Here's another example that will be more relevant to our subsequent discussion. So the mod N map, which sends Z to Z mod N, so this is a group homomorphisms. So hence, it's a Freiman homomorphism of every order. But it's not-- OK, so if you look at this map, and even if I restrict to here, so it's not a Freiman isomorphism just like earlier.

However-- let me go back to Z. So if A is a subset of integers with diameter less than N/s, then this map mod N maps A Freiman s-isomorphically onto its image. So even though mod N restricted to 1 through N is not a Freiman isomorphism of order 2, if I restrict to a subset that's, let's say, contained in some small interval, then all the additive structures are preserved.

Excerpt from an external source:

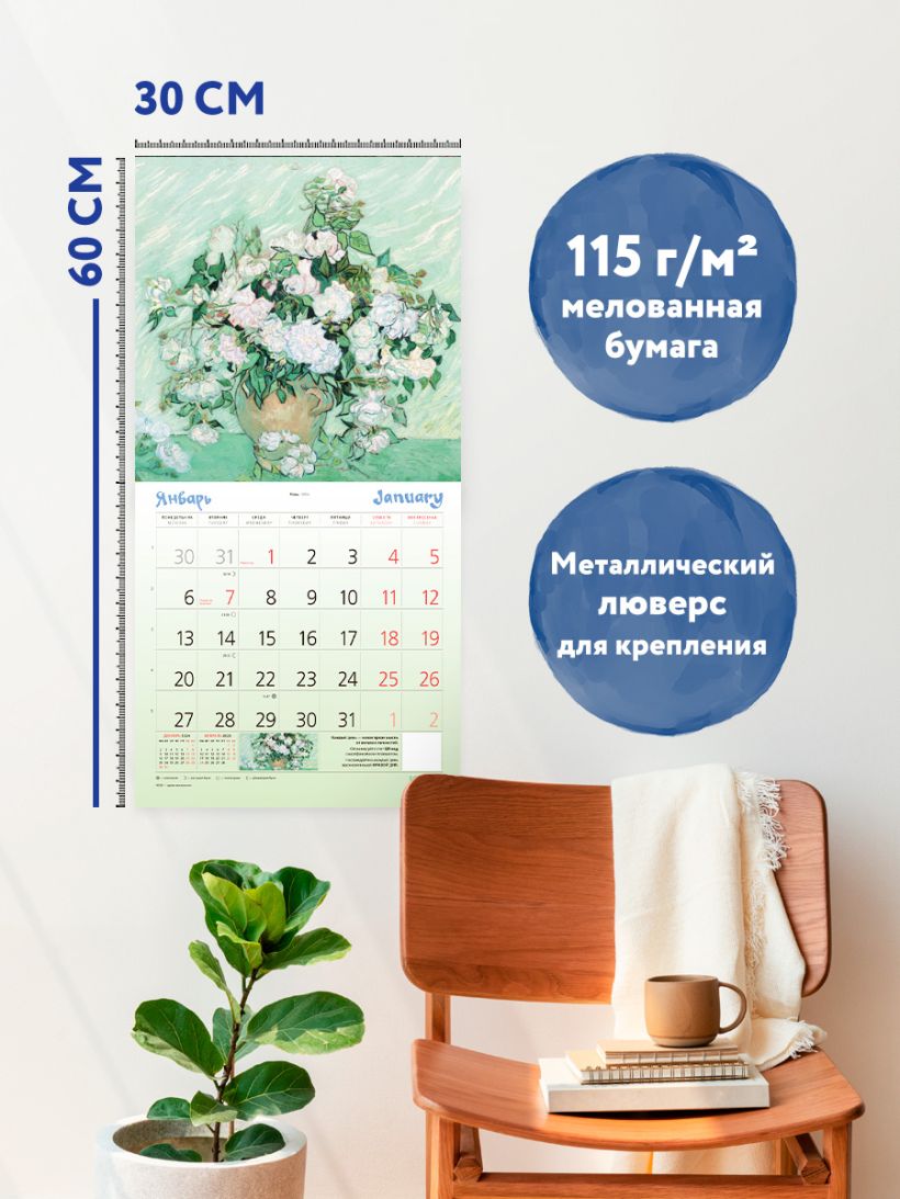 Практичный и эстетичный, этот календарь каждый месяц будет радовать вас. Прекрасные картины органично дополнят любой интерьер и помогут планировать время. В этом календаре представлены шедевры кисти Винсента Ван Гога.

So let me show you why. So this is not too hard once you get your head around the definition. So indeed, if you have group elements a1 through as, a prime 1 through a prime s, and if they satisfy the equation-- so if they satisfy this equations, so we're trying to verify that it is a Freiman s-isomorphism, namely the inverse of this map is a Freiman s-homomorphism, so if they satisfy this equation, so this is satisfying this additive relation in the image, in Z mod N, then note that the left-hand side-- so all of these A's are contained in a small interval, because the diameter of the set is less than N/s.

So if you look at how big a1 minus a1 prime can be it's, at most-- or, it's less than N/s in size. So the left-hand side, in absolute value, viewed as an integer-- so the left-hand side is less than N in absolute value, since the diameter of a is less than N/s. So you have some number here, which is strictly less than N in absolute value, and it's 0 mod N, so it must be actually equal to 0 as a number as an integer. So this verifies that the additive relations up to s-wise sums are preserved under the mod N map, if you restrict to a small interval.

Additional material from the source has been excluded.